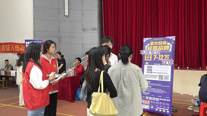 (图:支部党员为前来应聘同学指引路线和解答问题)
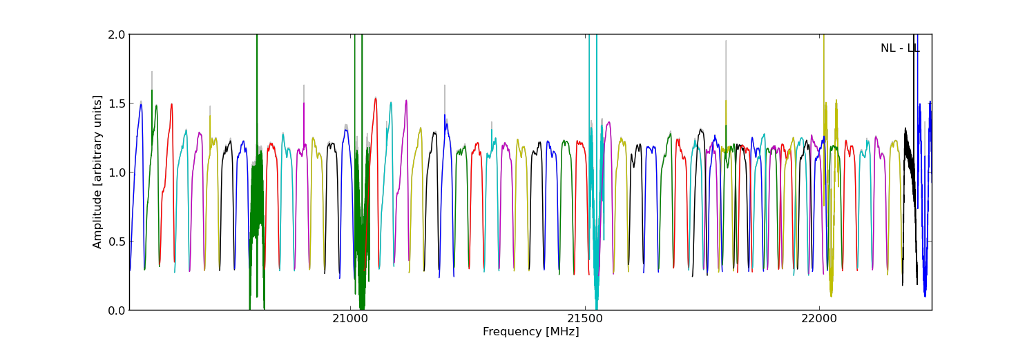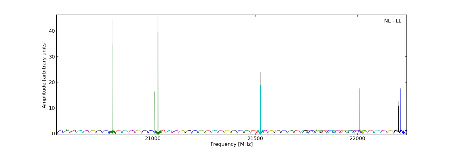 Total power spectrum in arbitrary units. The solid lines indicate the mean value and the shaded area the peaks.
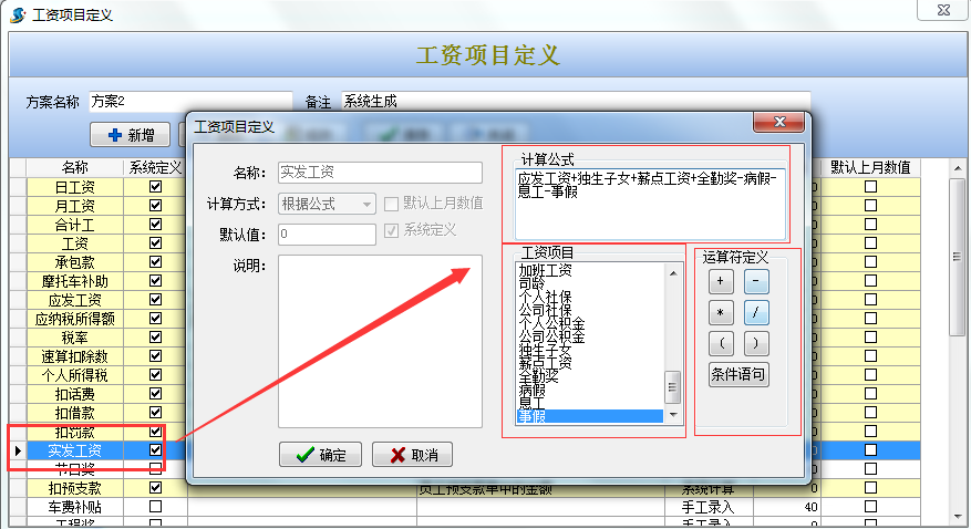 雙擊選擇實(shí)發(fā)工資,通過(guò)工資項(xiàng)目和運(yùn)算符定義編輯計(jì)算公式(運(yùn)算字符一定要用鼠標(biāo)點(diǎn)擊下圖運(yùn)算符定義選擇,不能用鍵盤(pán)直接輸入)
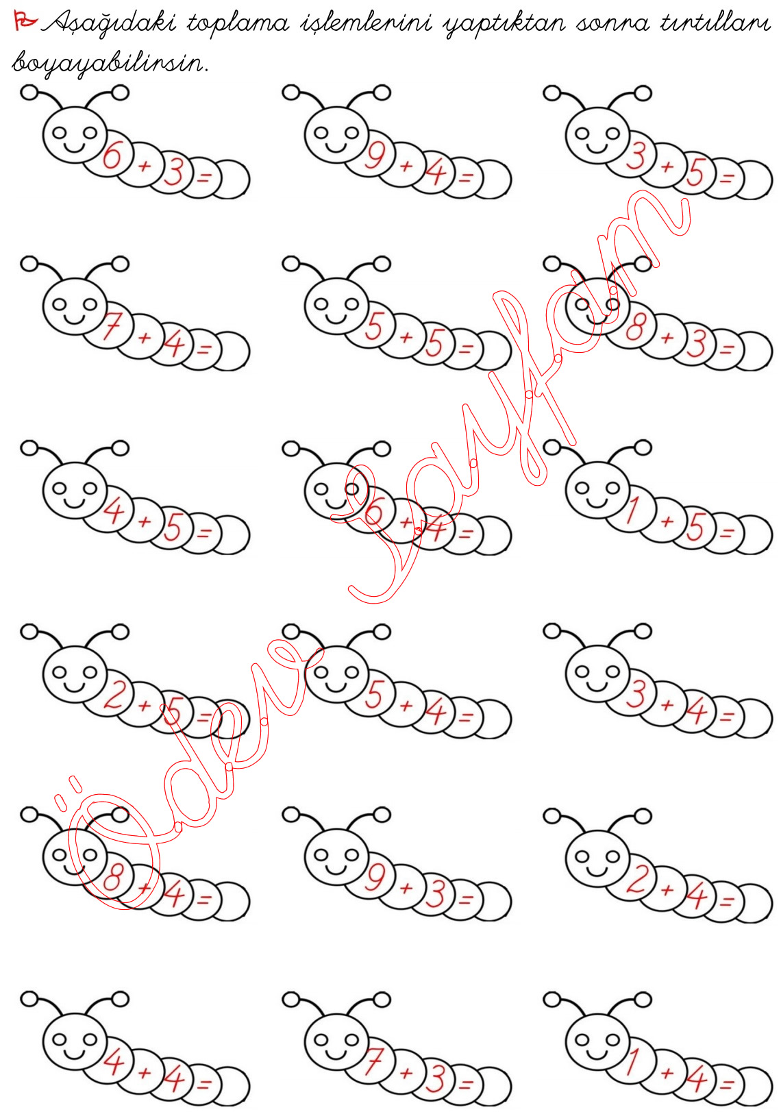 resimli (topla ve boya) Bir Basamaklı Doğal Sayılarla Bir Basamaklı Doğal Sayıları Toplama işlemleri 1. Sınıf Matematik Dersi

═══

EXERCISE REQUIREMENTS:
Your answer should consist solely of the lines from the one holding "雙擊選擇實(shí)發(fā" through the end of the listing, reproduced exactly and without pictures.

ANSWER AREA:
 雙擊選擇實(shí)發(fā)工資,通過(guò)工資項(xiàng)目和運(yùn)算符定義編輯計(jì)算公式(運(yùn)算字符一定要用鼠標(biāo)點(diǎn)擊下圖運(yùn)算符定義選擇,不能用鍵盤(pán)直接輸入)
 resimli (topla ve boya) Bir Basamaklı Doğal Sayılarla Bir Basamaklı Doğal Sayıları Toplama işlemleri 1. Sınıf Matematik Dersi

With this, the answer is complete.